_TRY IT:_
Repeat the data in full and exactly. Leave the pictures out.

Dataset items

_____

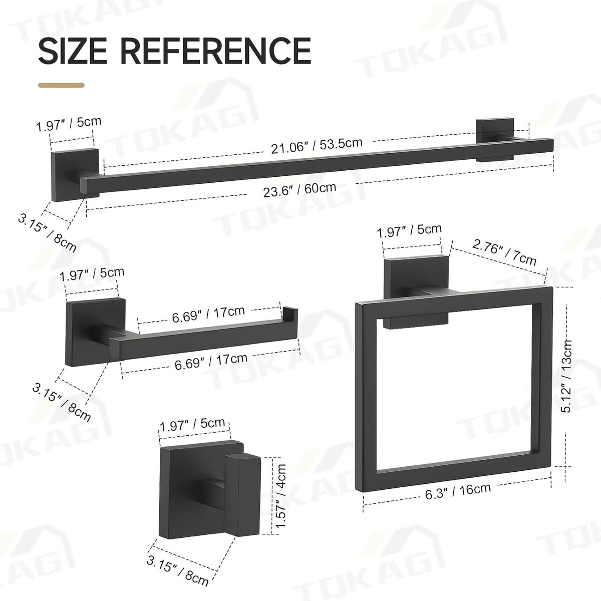5 Pieces Bathroom Hardware Set?- 1 x towel bar(23.6-Inch), 1 x towel ring, 1 x Toilet Paper Holder, 2 x coat hook, screw hardware pack(for screw-mount), and installation instructions. we give you a preferential combination to meet your needs.
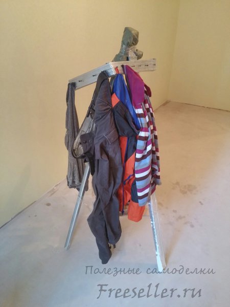 В продовження теми будівельних гардеробів, хочу запропонувати ще один варіант виготовлення переносного гардеробу вішалки з підручних кошти.
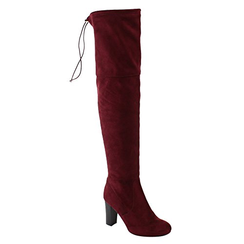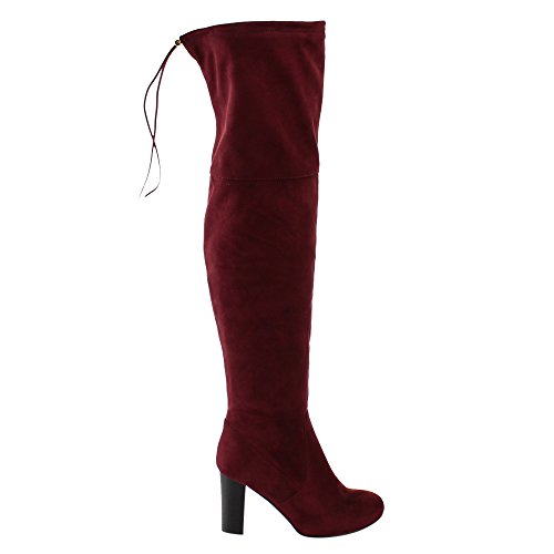 NATURE BREEZE FF02 Women's Drawstring Stretchy Over The Knee Block Heel Boots
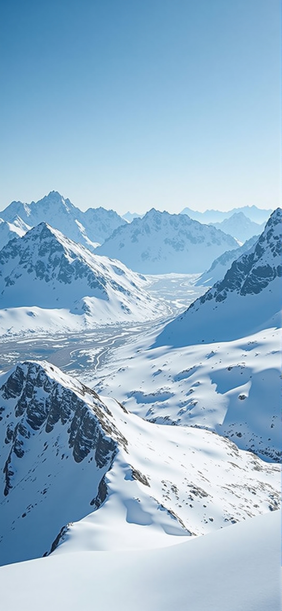 雪峰壮丽:蓝天之下全景高山风光摄影
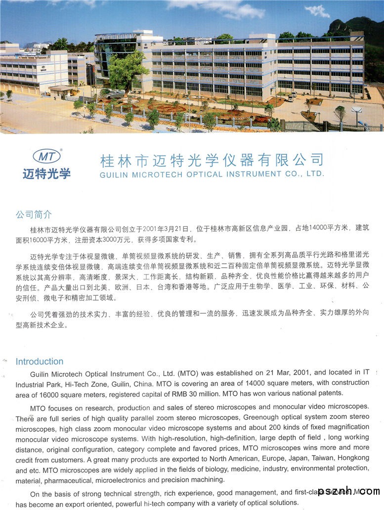 桂林市邁特光學儀器有限公司成立于2001年,公司位于桂林市國家高新區(qū)信息產(chǎn)業(yè)園內(nèi),廠房建筑面積16000多平方米,為自有廠房。
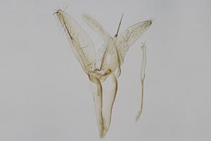 1: ♂, etwas abgeflogenes Exemplar, Schweiz, Fribourg, Muntelier, 430 m, 24. Mai 1995, Lichtfang (leg., det. und Foto: Rudolf Bryner)Forum
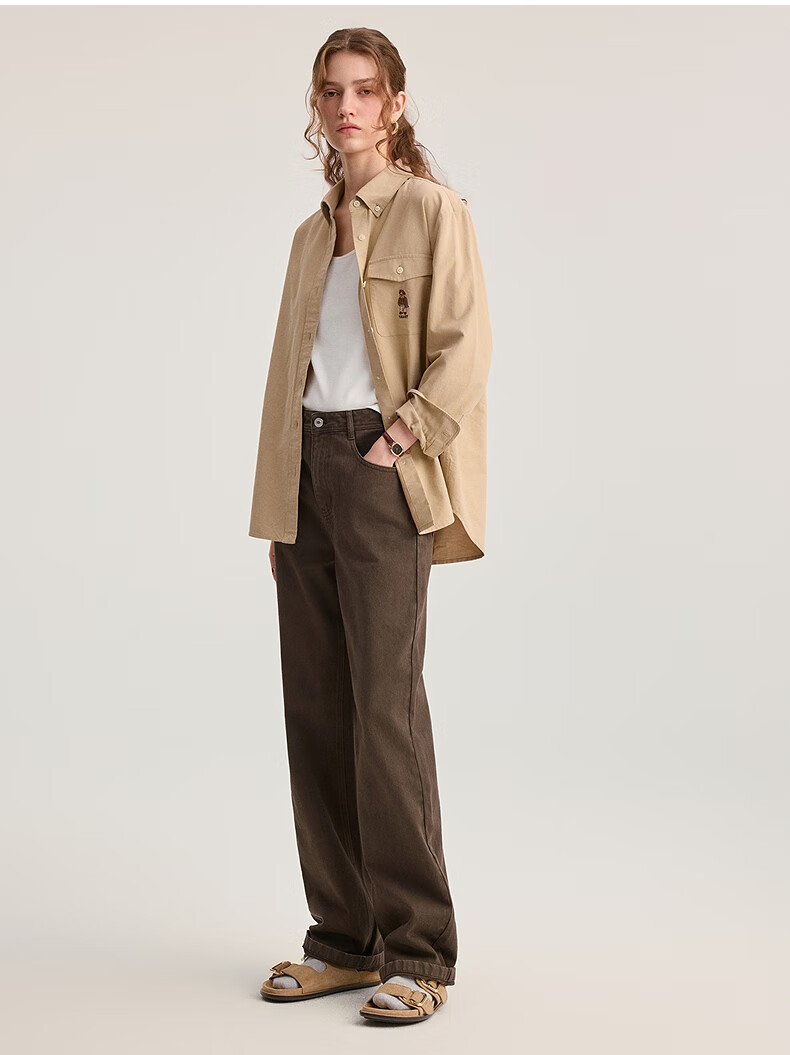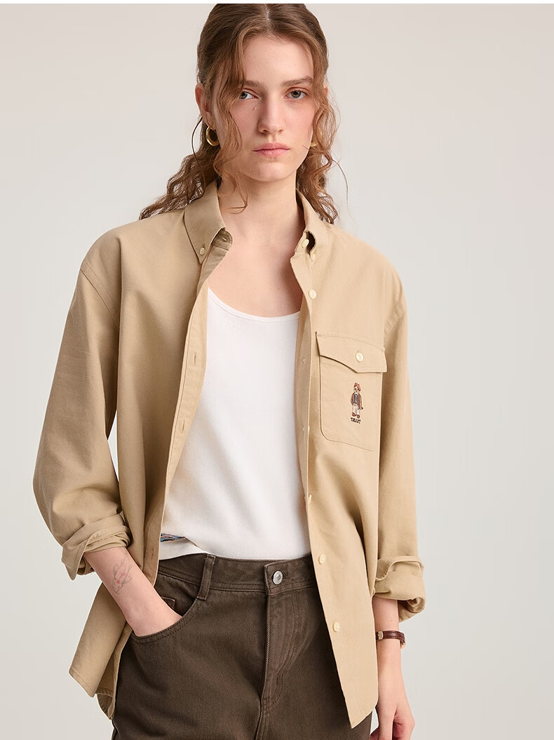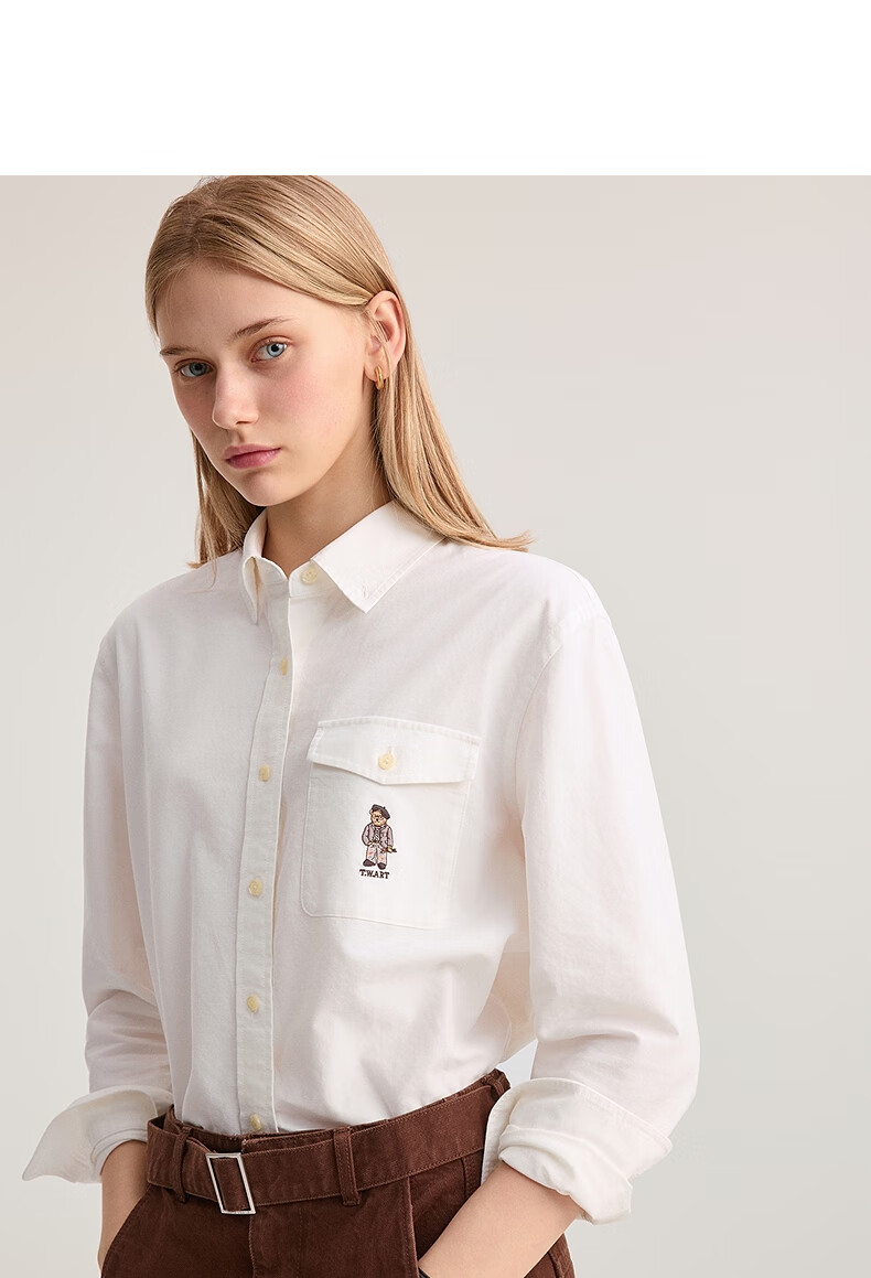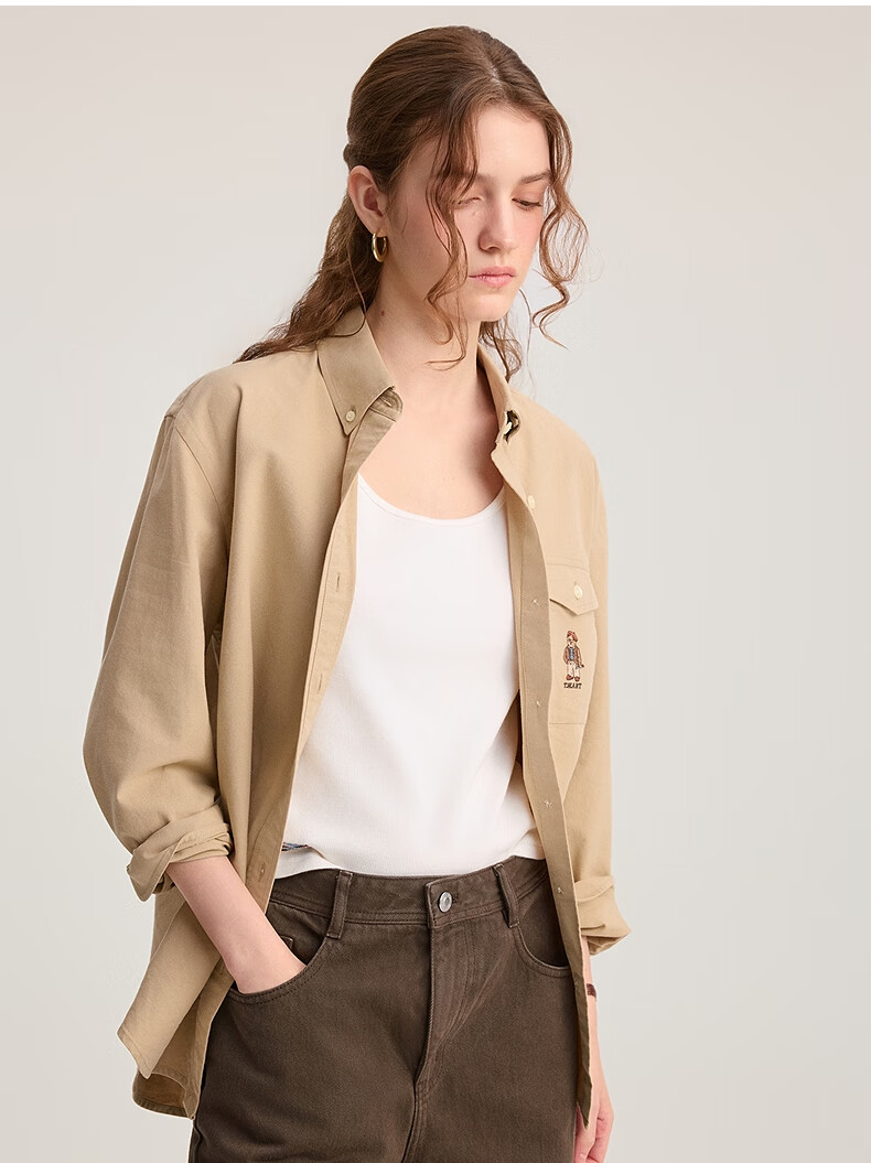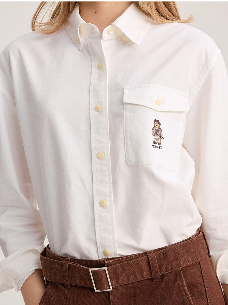 Teenie Weenie Bear Women's Shirt 2025 Autumn New Simple and Elegant Fashion Embroidered Long Sleeve Shirt
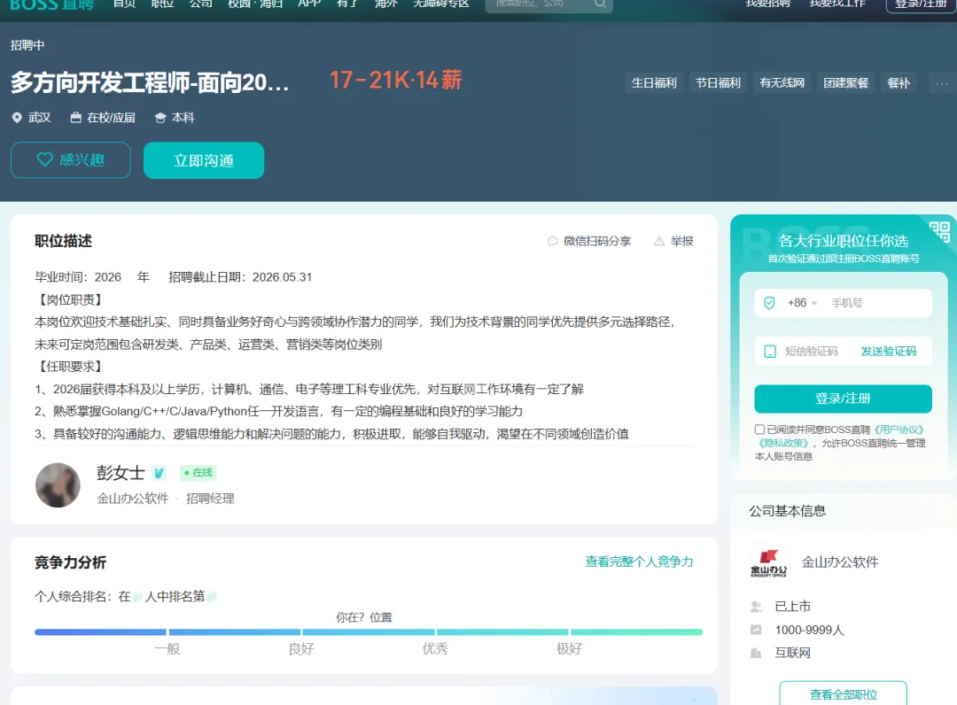 金山办公软件招多方向开发工程师-面向2026届岗位,17–21K·14薪,工作地址:武汉江夏区金山集团武汉总部大楼,面向本科及以上学历毕业生
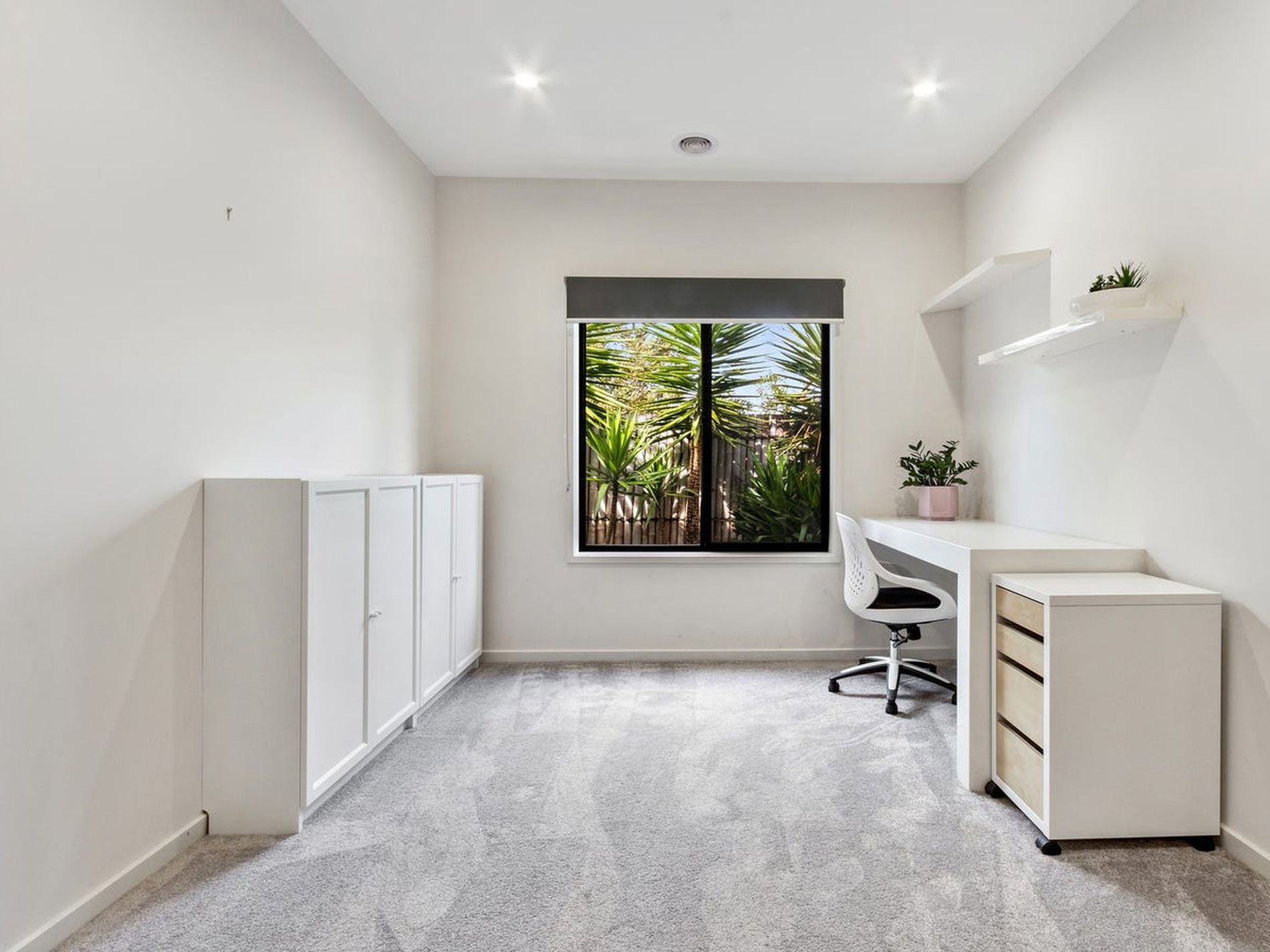 The home offers multiple living zones, including a formal lounge with bookshelf, a spacious open-plan living and meals area, and a dedicated study fitted with a desk and movable drawers, perfect for those working from home. The main living area comes furnished with a leather lounge suite, coffee table, side table, TV unit and dressing table with stool, while the meals space includes a six-seater dining table, chairs and buffet.
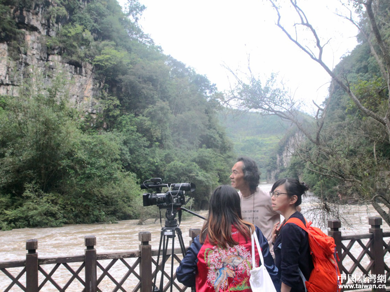臺灣中天電視臺采訪當地向導。(中國臺灣網 李航 攝)

_____

_SOLVED EXERCISE:_
5 Pieces Bathroom Hardware Set?- 1 x towel bar(23.6-Inch), 1 x towel ring, 1 x Toilet Paper Holder, 2 x coat hook, screw hardware pack(for screw-mount), and installation instructions. we give you a preferential combination to meet your needs.
 В продовження теми будівельних гардеробів, хочу запропонувати ще один варіант виготовлення переносного гардеробу вішалки з підручних кошти.
 NATURE BREEZE FF02 Women's Drawstring Stretchy Over The Knee Block Heel Boots
 雪峰壮丽:蓝天之下全景高山风光摄影
 桂林市邁特光學儀器有限公司成立于2001年,公司位于桂林市國家高新區(qū)信息產(chǎn)業(yè)園內(nèi),廠房建筑面積16000多平方米,為自有廠房。
 1: ♂, etwas abgeflogenes Exemplar, Schweiz, Fribourg, Muntelier, 430 m, 24. Mai 1995, Lichtfang (leg., det. und Foto: Rudolf Bryner)Forum
 Teenie Weenie Bear Women's Shirt 2025 Autumn New Simple and Elegant Fashion Embroidered Long Sleeve Shirt
 金山办公软件招多方向开发工程师-面向2026届岗位,17–21K·14薪,工作地址:武汉江夏区金山集团武汉总部大楼,面向本科及以上学历毕业生
 The home offers multiple living zones, including a formal lounge with bookshelf, a spacious open-plan living and meals area, and a dedicated study fitted with a desk and movable drawers, perfect for those working from home. The main living area comes furnished with a leather lounge suite, coffee table, side table, TV unit and dressing table with stool, while the meals space includes a six-seater dining table, chairs and buffet.
臺灣中天電視臺采訪當地向導。(中國臺灣網 李航 攝)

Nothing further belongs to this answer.